C. Encryption. Bank will (i) encrypt Customer Data in transit to an external network using transport layer security or other encryption method and (ii) protect Customer Data at rest, in each case as Bank determines to be appropriate in accordance with the ISP and law applicable to Bank’s provision of the services.
D. Remote Access. The ISP will restrict remote access to Bank systems to authorized users using multifactor authentication or equivalent safeguard, and will require such access to be logged.
E. Devices. Bank will restrict the transfer of Customer Data from its network to mass storage devices. Bank will use a mobile device management system or equivalent tool when mobile computing is used to provide the services. Applications on such authenticated devices will be housed within an encrypted container and Bank will maintain the ability to remote wipe the contents of the container.
F. Data Leakage Prevention (DLP). Bank will deploy DLP tools reasonably designed to help detect and prevent unauthorized transfers of Customer Data outside Bank’s network.
G. Disposal. Bank will maintain chain of custody procedures and require that any Customer Data requiring disposal be rendered inaccessible, cleaned or scrubbed from such hardware and/or media using industry recognized methods.
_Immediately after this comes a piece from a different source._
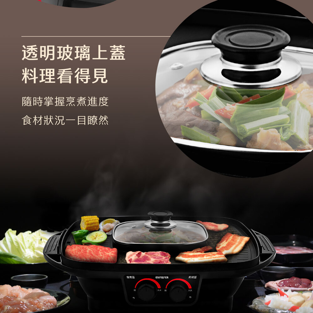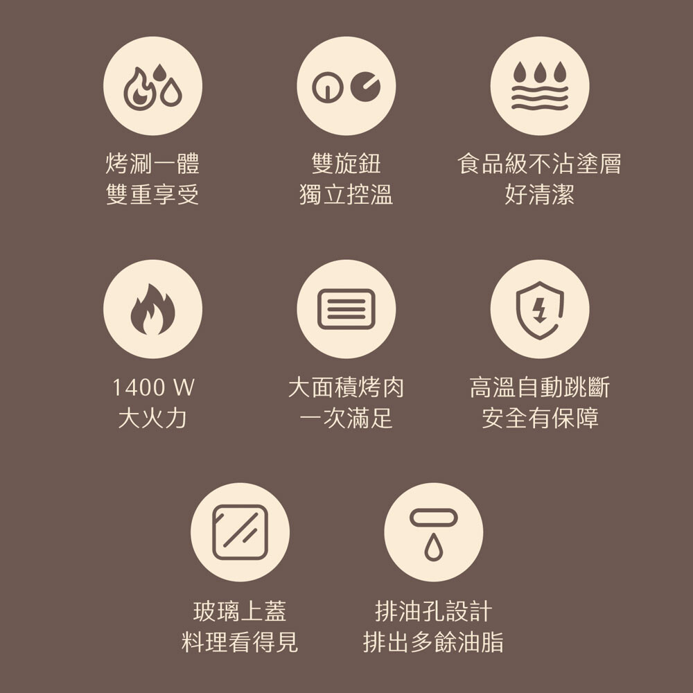 1400瓦大火力大面積烤肉,一次滿足溫度保險絲,高溫自動跳斷,安全有保障玻璃上蓋,料理一目了然

VIII. Personnel. Bank will undertake background checks during the recruitment process of personnel involved in the provision of the services, subject to applicable laws, and require its personnel involved in the provision of services to undertake annual training on the aspects of the ISP applicable to the personnel’s job function.
IX. Physical Security. Bank will deploy perimeter security such as barrier access controls around its facilities processing or storing Customer Data. The ISP will include (i) procedures for validating visitor identity and authorization to enter the premises, which may include identification checks, issuance of identification badges and recording of entry purpose of visit and (ii) physical security policies for personnel, such as a “clean desk” policy. In accordance with its ISP and applicable law, Bank will install closed circuit television (“CCTV”) systems and CCTV recording systems to monitor and record access to controlled areas, such as data centers and server rooms.
X. Subcontracting. Bank will implement a third party governance program designed to provide oversight over unaffiliated third parties used to provide the Services (“Subcontractors”).
BCP/DR. Bank will implement business continuity and disaster recovery plans designed to minimize interruptions of service and ensure recovery of systems and applications used to provide the services. Such plans shall cover the facilities, systems, applications and employees that are critical to the provision of the services, and will be tested at least annually to validate that the recovery strategies, requirements and protocols are viable and sustainable.